Efforts are underway to update Michigan’s hate crimes law for the first time in nearly 35 years, as lawmakers testified Tuesday on a bill package to expand who and what the existing law covers.
Under the four-bill package, Michigan will do just that Expanding the scope of the racial intimidation law To include many protected groups not currently covered, including people with disabilities, seniors, and LGBTQ Michiganders.
“I can’t write a bill that gets rid of anti-Semitism or anti-black racism or anti-Asian racism or homophobia or Islamophobia,” said Rep. Noah Arbett, the West Bloomfield Democrat, who sponsors half of the bill package. “What we can do is address hate when it aligns with a criminal act.
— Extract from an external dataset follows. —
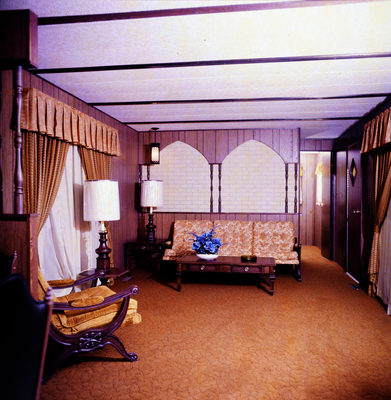 Gandy, George Skip IV, "Guerdon Industries Manufactured Home Living Room with Decorative Wall Features, A" (1960). Gandy Photographs - General, Culture, Politics. Image 5863.

What we can do is improve Michigan’s tools for response, the pursuit of justice and accountability, and the creation of opportunities to reduce hate violence.
house bills 4474 during 4475 It would allow for enhanced sentences in the case of hate crime offenders, taking into account other factors such as previous convictions, though it would also allow judges to issue alternative penalties, such as community service.
However, these alternative penalties can occur in addition to or instead of imprisonment and fine. The current law states that a person convicted of a hate crime can face up to two years in prison, a fine of no more than $5,000, or both, which will remain the same under the bill package.
However, if the hate crime involves certain circumstances—such as bodily injury, the perpetrator being convicted of one or more hate crimes, or the hate crime being committed while in possession of a firearm—criminal penalties can be increased to five years in prison, or a fine of up to $10,000. , or both.
The other two parts of the package, HP 4476 And GB 4477would then create the Institutional Desecration Act, which makes the mutilation, destruction, and targeted vandalism of property such as places of worship, cultural community centers, and businesses a hate crime.
The fines and penalties imposed under these warrants vary, ranging from imprisonment of up to 93 days, a fine of up to $500, or both for someone who causes damages of less than $200 and has no prior convictions to up to 10 years in prison. , and fines of up to $15,000 or both for damages valued at $20,000 or more, regardless of prior convictions.
Attorney General Dana Nessel and Wayne County District Attorney Kim Worthy testified in support of the legislation on Tuesday. Both spoke of the need to update the law, which has not been addressed since it was signed into law 35 years ago.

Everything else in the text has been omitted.